Three words, yet they hold so much meaning to them. I had contemplated whether I should ignore the message when I had revived it earlier this morning, or simply delete it. I didn't choose either of those options.

Richard is the only Johnson brother that I could possibly get through to, Gavin is too stubborn. He's stuck in the past, and that's fine, but it doesn't mean I won't try to change it.

Maybe that was the reason I chose as I got in my car. The car that I received from my mom and brother a week before my seventeenth birthday. I was never more grateful for my own use of transportation than this time.

The directions Richard had sent me were ones that I was not familiar with. The Bean was the name, a small cafe from what it had said online, but also one I've never heard of. Not that it really matters, I'm going to talk, not drink coffee. Technically.

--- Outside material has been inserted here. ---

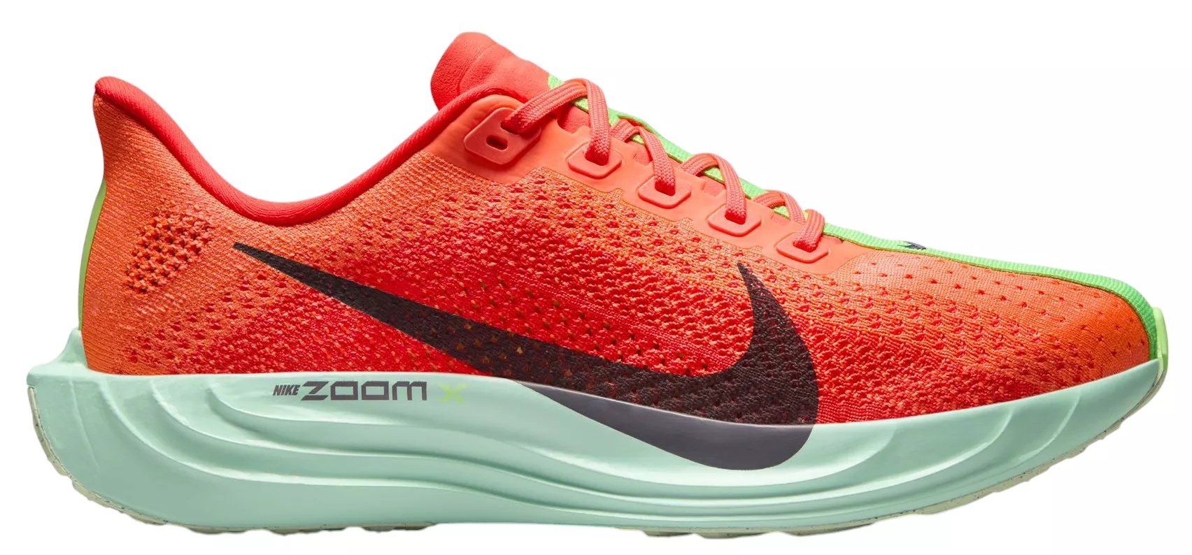 Take responsive cushioning to the next level with the Pegasus Plus. It energizes your ride with full-length, superlight ZoomX foam to give you a high level of energy return for everyday runs. And a stretchy Flyknit upper conforms to your foot for a seamless fit. Design: Flyknit upper is breathable, lightweight and precision-engineered Carefully crafted perforations in the upper reduce the weight of the shoe and make it more breathable Traditional tongue provides a trusted and familiar feel Midfoot band helps keep you contained In-Shoe Comfort: The Plus has the highest energy return in comparison to all of the Pegasus Turbos in history, thanks to a revamped ZoomX midsole that offers springy cushioning for tempos and fast times Durability & Traction: High abrasion rubber along the outsole gives you super traction for all your tempo training needs Additional Details: Not intended for use as Personal Protective Equipment (PPE) Heel-to-toe drop: 10 mm

Pulling into the parking lot of the cafe, I looked down at my phone, turning it off soon after so I won't have to deal with Gavin's texts and calls. I told him I was going out, not with who or where and I don't plan to. If my boyfriend got mad at me for going to see Nick Curtis, he's going to be enraged if he finds out I'm here with his brother.

So, instead of dealing with that battle I'm sure I will not win, I'm keeping my whereabouts from him. I'll eventually tell him - I think - but he has to be calm and in a good mood before I do. Seduction is what I'm thinking.

Unfortunately, I don't have time to think about ways to make sure my boyfriend doesn't kill his brother because I was supposed to be here at two-thirty and it's five minutes later. That's what happens when you call a victim to meet her suspect.

I wipe my hands on my jean capris, before finally opening the door to the cooled cafe. It's been getting hotter every day so this is a nice change. Cool air always sets my nerves at ease for a bit.

"Bella?" I look to wear Richard had called my name, his table right by one of the huge windows. I offer a small smile before walking over to where he is. Nothing sits in front of him, so I won't bother grabbing myself something to drink. "Hey."

There's an airiness to his voice that shows even he is nervous. I feel slightly more clam after this. "Hi."

I play with my hands underneath the table, waiting for Richard to speak up. He is the one who invited me here in the first place. I know he wants to talk, maybe about the bet, but there's nothing he can tell me that I don't already know. At least I hope.

"How have you been?" Small talk, got it.

"I've been good," I nod, rolling my lips into my mouth. "How about you?"

His eyes avert from my face. "I've been - okay."

I nod again, looking away. This is even more awkward than I had thought it would be and I'm starting to wonder why. This is the guy that was my math tutor for months and semi fling. This guy was my first kiss and my friend. This just goes to show that the decisions of one really do mess with a relationship and how you see the other person.

"I hadn't expected to see you back here," Richard suddenly speaks, his eyes back on my face. I shift in my seat.

"I'm sure no one did besides my family and friends," I correct with somewhat of an edge to my voice. Is wasn't intended, but the way Richard flinches at the word 'friends' makes me feel worse.

"I messed up," he admits. "I'll gladly give you that, and if I could go back and change the things that happened - I would."

I shake my head, but he stops me by speaking. "I would, the things I did were horrible, and I understand if you'll never forgive me or Gavin for that matter.